Es ist eine sehr schöne Sache, das Mittel des Streiks für das Recht auf Schwangerschaftsabbruch anzuwenden und das gab Hoffnung. Denn aufgrund der Pandemie sind viele Rechte ausgehebelt worden und nicht nur in repressiven Staaten wie der Türkei oder Polen, sondern nahezu überall erlebt die extreme Rechte einen Aufstieg. So auch in Deutschland. Auch in der Bundesrepublik sind Abtreibungen nicht ganz einfach, denn es gibt klare Vorbedingungen. Diese rassistischen, religiös-konservativen Kreise greifen das Recht von Frauen auf Schwangerschaftsabbruch als auch die gesellschaftlichen Freiheiten von Frauen an. Die Aktionen stellen meiner Ansicht nach einem sehr schönen und hoffnungsvollen Versuch dar. Denn in den Jahren, als ich aus der Türkei nach Polen kam, hatte Erdoğan gerade das von Ihnen erwähnte Zitat „Jede Abtreibung ist ein Uludere“ abgegeben. Darüber hinaus hat er mit Äußerungen wie, macht drei Kinder, macht fünf Kinder, den Frauen das Kinderkriegen und Heiraten als alleinige Rolle zugewiesen. Dieser Diskurs brach zu dieser Zeit über uns herein – aber natürlich, damals kamen auch starke Antworten von der Frauenbewegung. Deswegen kann ich sagen, dass mich so etwas in Polen zu erleben gestärkt hat. In einem Land, in dem ich die Sprache nicht konnte, habe ich mich auf emotionaler Ebene dennoch nicht fremd gefühlt, deswegen habe ich die Kamera in die Hand genommen und begonnen, die Aktionen zu dokumentieren.

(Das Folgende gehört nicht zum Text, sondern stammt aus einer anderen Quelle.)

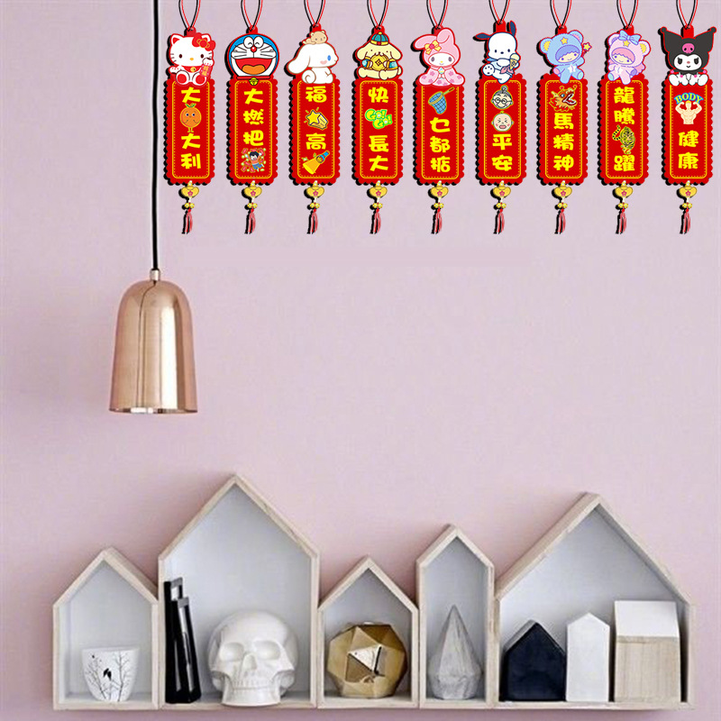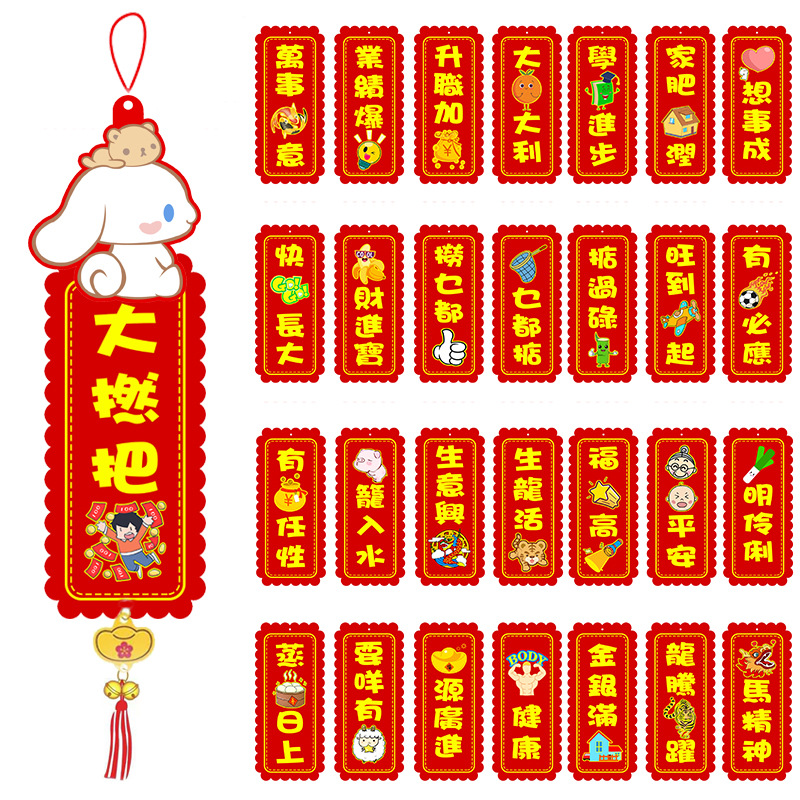 New Year Cartoon 3D Doll Embroidery Spring Festival Couplets Hong Kong Version Cantonese Four-Word Couplet Spring Festival Creative Flannel Decorative Pendant
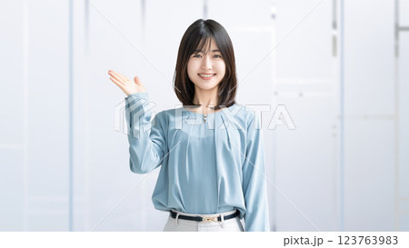 人差し指を立てて案内する笑顔の女性・ビジネスウーマン

Die Aktivist*innen dort haben die Aufnahmen auch genutzt und verbreitet. So wurde ich auf diese Weise auch Teil dieser Bewegung. Später konnte ich durch meine feministischen Freundinnen hier, und meine polnischen Gefährtinnen eine Dokumentation aus den Aufnahmen erstellen. Die Dokumentation zirkulierte auf Unterstützungsveranstaltungen für die Aktionen gegen das Verbot von Schwangerschaftsabbruch in Polen. Auch in Deutschland wurde der Film an verschiedenen Orten gezeigt. In der Türkei wurde er auf dem Arbeiterfilmfestival und auf einer Sondervorführung der „Frauenplattform Yoğurtçu“ gezeigt. In Diyarbakır wurde er im Rahmen des Festivals „FilmAmed“ gezeigt. Mein Ziel war es, am Beispiel des Kampfes gegen das Verbot von Schwangerschaftsabbruch zu zeigen, dass die Frauen und LGBTI+-Bewegungen international betrachtet ähnliche Probleme erleben und diese in verschiedenen Ländern mit unterschiedlichen Aktionsformen adressieren. Ich wollte etwas schaffen, dass Solidarität weckt und inspiriert. Wichtig noch zu sagen ist, dass das Problem der Kriminalisierung des Schwangerschaftsabbruchs natürlich ein Frauenproblem ist, aber auch Menschen, die sich nicht im Zweigeschlechtersystem verorten, die sich als non binary oder trans definieren, werden von diesen Verboten auf die gleiche Weise betroffen.